Some of us never learn.
Best wishes.
Taylor
However, I will say, if you really, truly believe in a company from the bottom of your heart and want to be a part of that compnay, then buying the company's stock is ok in my opinion. In fact, I would say that is the idealist's notion of what the stock market should be about -- people buying companies because they believe in them and their product.
Now I am not saying the original OP is thinking of buying WM or C because he really believes in the companies, but if he does, I see nothing wrong with buying them. There is a big difference between day trading, speculating -- and -- wanting ownership of something that you feel strongly about.

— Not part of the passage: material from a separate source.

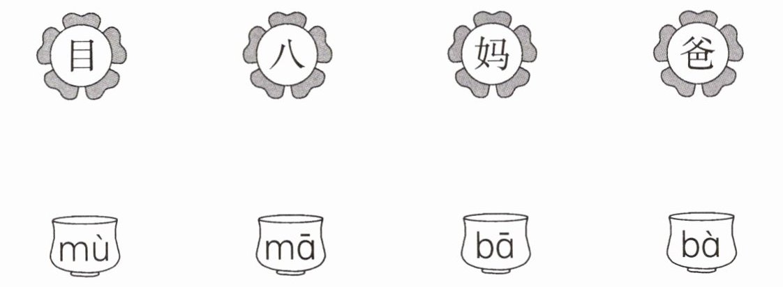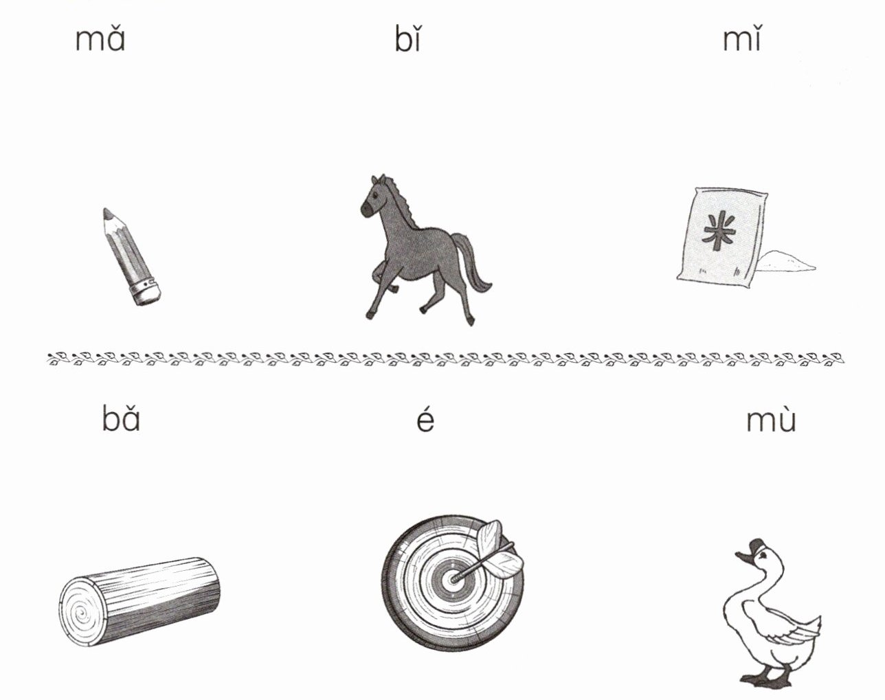 mǎ—马;bǐ—铅笔;mǐ—米袋;bǎ—靶;é—鹅;mù—木头

Invest in what you know -- like video games
I used my incredible first-hand experience playing video games to purchase 1,000 shares of GT Interactive stock several years ago at $2 per share. I was convinced that a game called "Duke Nukem Forever" would take over the world and make my investment pay off big.
The game was never released, GT Interactive was purchased by Infogrames -- which then renamed itself Atari -- and the stock reverse-split about a zillion times.
My 1,000 shares are now 20 shares worth a total of $33.60 as of today.
Yeah baby!!!!!
I stick to mutual funds now.
:roll:
The game was never released, GT Interactive was purchased by Infogrames -- which then renamed itself Atari -- and the stock reverse-split about a zillion times.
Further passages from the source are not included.